Right now it’s empty with just some comments, which means nothing will get built. That’s fine, since we’re just exploring the project structure right now, and will add to this shortly.

gradlew and gradlew.bat (3) are known as the Gradle wrapper scripts, for Linux/Mac and Windows respectively. These let you build an application without having to download and install Gradle like we did earlier. When the wrapper is executed, it will automatically download Gradle and cache it locally. Normally you always build your application with the wrapper, as it ensures it gets built with the correct version of Gradle.

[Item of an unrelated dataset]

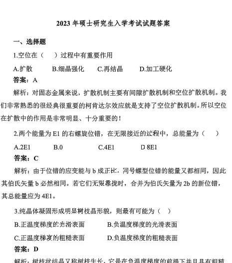 【说明:最新考试科目816材料科学基础的前身为844金属学和827材料科学基础,其中现在的816考试内容与844金属学更为贴近,所以我们将往年两个科目的真题都放进去】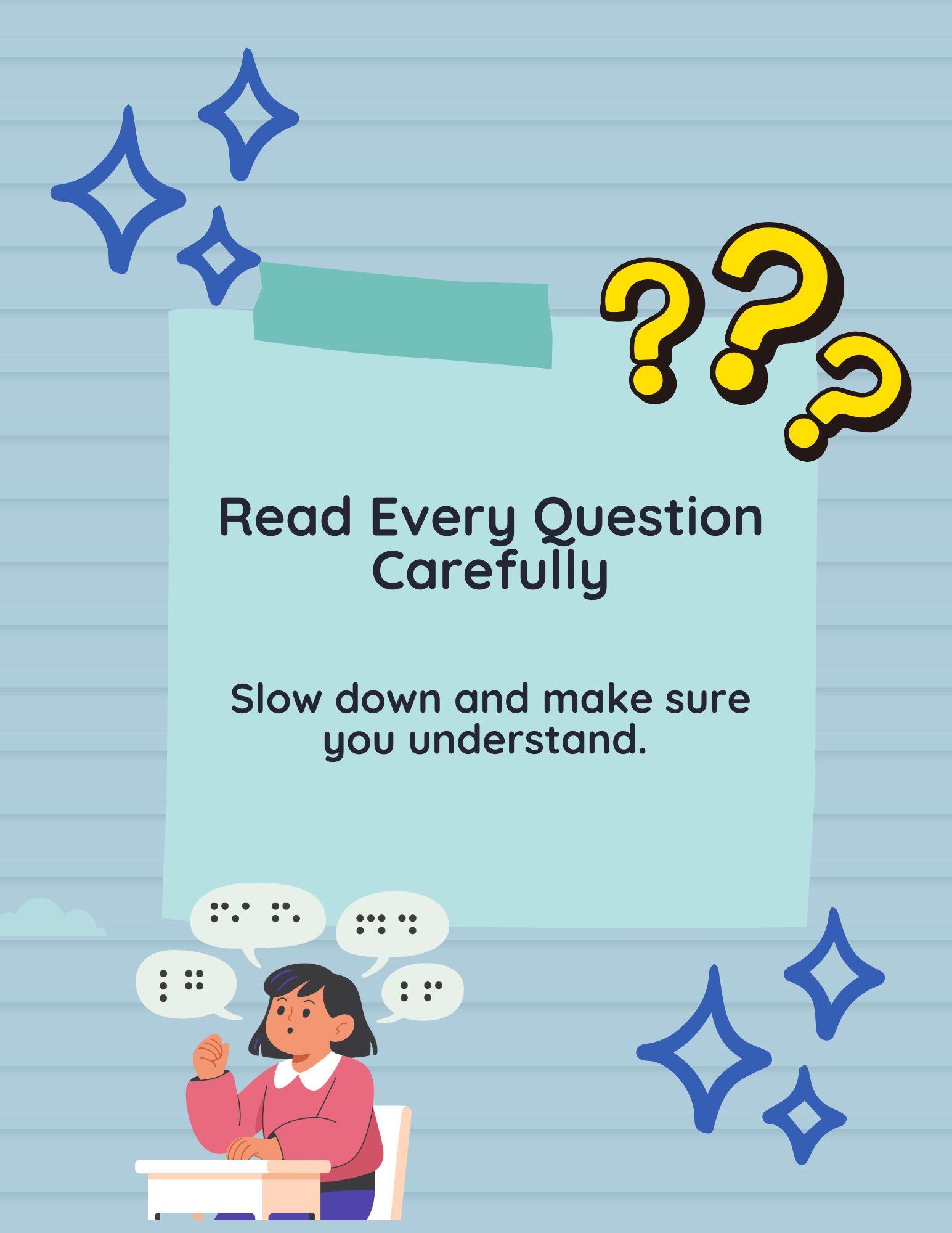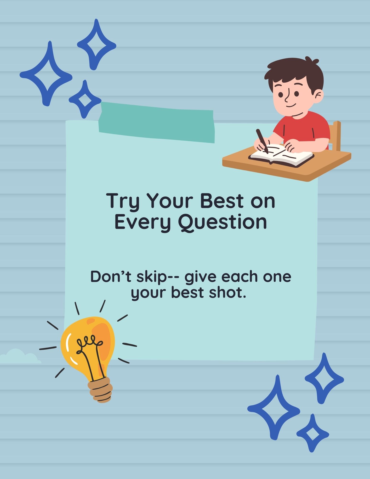Testing Season Is Coming Up! We’ll be sharing testing tips with our students to help them feel confident and prepared. Simple things like getting a good night’s sleep, eating a healthy breakfast, arriving on time, and staying calm can make a big difference!

The only reason we installed Gradle separately earlier was so that we could run the gradle init command in an empty directory to initialise this skeleton project. For the rest of this tutorial when we interact with our Gradle project we’ll always use the wrapper.

.gitignore (4) configures Git so that the .gradle and build directories aren’t committed into version control. Everything else gets committed though.

# Ignore Gradle project-specific cache directory
.gradle

# Ignore Gradle build output directory
build

The .gradle directory is a local cache managed by Gradle, and the build directory is where Gradle creates any build outputs such as compiled Java code or jar files. You’ll see how that works shortly, when we get onto building a real Java application.

8. Using the Gradle wrapper

This Gradle project doesn’t do anything yet. Its build.gradle is empty, and besides, there’s no code here to compile. But we can still interact with it, using the wrapper script.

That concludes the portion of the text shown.